__Task directions__. Look through the listing below and write out exactly the lines from the line with "山西省侯馬市上馬村14號(h" to the line with "TANJUNGPANDAN: Pemkab Belitung", both included, and no others.

__Information__.
• • • • • • •

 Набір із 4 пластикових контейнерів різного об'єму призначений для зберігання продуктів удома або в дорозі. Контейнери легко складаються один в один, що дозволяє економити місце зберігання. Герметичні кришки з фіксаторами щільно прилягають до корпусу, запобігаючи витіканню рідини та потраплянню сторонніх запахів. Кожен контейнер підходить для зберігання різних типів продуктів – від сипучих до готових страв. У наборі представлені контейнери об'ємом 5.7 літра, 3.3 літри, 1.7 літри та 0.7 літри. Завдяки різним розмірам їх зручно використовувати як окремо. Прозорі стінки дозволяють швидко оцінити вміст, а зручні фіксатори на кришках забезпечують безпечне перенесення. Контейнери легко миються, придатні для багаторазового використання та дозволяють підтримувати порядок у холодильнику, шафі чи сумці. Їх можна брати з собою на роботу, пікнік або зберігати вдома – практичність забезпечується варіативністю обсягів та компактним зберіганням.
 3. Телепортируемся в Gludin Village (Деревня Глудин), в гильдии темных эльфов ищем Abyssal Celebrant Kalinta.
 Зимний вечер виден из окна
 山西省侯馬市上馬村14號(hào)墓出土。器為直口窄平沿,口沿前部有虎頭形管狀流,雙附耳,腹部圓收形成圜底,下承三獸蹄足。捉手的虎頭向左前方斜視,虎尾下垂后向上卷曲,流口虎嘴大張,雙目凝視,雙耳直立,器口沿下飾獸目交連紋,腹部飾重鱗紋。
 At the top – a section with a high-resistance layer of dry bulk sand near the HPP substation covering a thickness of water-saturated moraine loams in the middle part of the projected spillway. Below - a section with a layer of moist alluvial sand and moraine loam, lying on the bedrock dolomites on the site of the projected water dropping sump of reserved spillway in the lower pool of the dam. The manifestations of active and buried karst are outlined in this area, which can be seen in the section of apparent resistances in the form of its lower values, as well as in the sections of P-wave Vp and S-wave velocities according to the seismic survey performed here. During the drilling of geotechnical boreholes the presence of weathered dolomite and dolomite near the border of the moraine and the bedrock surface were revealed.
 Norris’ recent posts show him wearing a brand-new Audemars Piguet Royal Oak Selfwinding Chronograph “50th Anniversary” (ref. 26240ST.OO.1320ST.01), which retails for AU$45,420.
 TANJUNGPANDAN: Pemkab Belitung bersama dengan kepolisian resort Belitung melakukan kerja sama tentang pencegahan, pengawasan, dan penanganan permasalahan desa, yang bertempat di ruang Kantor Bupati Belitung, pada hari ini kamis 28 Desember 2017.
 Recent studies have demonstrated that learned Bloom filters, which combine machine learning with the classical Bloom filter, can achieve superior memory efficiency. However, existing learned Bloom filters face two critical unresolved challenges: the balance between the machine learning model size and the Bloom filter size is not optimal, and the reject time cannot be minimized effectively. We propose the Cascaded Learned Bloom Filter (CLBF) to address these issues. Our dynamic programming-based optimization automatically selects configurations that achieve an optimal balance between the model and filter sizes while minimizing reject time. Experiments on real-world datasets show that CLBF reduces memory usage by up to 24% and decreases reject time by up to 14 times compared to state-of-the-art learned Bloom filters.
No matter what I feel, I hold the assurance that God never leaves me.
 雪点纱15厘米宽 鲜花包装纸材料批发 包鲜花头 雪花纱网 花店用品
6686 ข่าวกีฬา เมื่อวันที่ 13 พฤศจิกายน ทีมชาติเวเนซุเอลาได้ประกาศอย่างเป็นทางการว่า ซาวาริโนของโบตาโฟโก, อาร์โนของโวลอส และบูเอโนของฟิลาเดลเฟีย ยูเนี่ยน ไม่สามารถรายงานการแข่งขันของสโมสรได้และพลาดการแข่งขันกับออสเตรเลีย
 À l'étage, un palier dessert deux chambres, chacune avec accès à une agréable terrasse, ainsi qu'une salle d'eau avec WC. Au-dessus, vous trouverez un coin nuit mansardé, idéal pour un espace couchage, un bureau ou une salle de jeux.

• • • • • • •

__Answer box__.
 山西省侯馬市上馬村14號(hào)墓出土。器為直口窄平沿,口沿前部有虎頭形管狀流,雙附耳,腹部圓收形成圜底,下承三獸蹄足。捉手的虎頭向左前方斜視,虎尾下垂后向上卷曲,流口虎嘴大張,雙目凝視,雙耳直立,器口沿下飾獸目交連紋,腹部飾重鱗紋。
 At the top – a section with a high-resistance layer of dry bulk sand near the HPP substation covering a thickness of water-saturated moraine loams in the middle part of the projected spillway. Below - a section with a layer of moist alluvial sand and moraine loam, lying on the bedrock dolomites on the site of the projected water dropping sump of reserved spillway in the lower pool of the dam. The manifestations of active and buried karst are outlined in this area, which can be seen in the section of apparent resistances in the form of its lower values, as well as in the sections of P-wave Vp and S-wave velocities according to the seismic survey performed here. During the drilling of geotechnical boreholes the presence of weathered dolomite and dolomite near the border of the moraine and the bedrock surface were revealed.
 Norris’ recent posts show him wearing a brand-new Audemars Piguet Royal Oak Selfwinding Chronograph “50th Anniversary” (ref. 26240ST.OO.1320ST.01), which retails for AU$45,420.
 TANJUNGPANDAN: Pemkab Belitung bersama dengan kepolisian resort Belitung melakukan kerja sama tentang pencegahan, pengawasan, dan penanganan permasalahan desa, yang bertempat di ruang Kantor Bupati Belitung, pada hari ini kamis 28 Desember 2017.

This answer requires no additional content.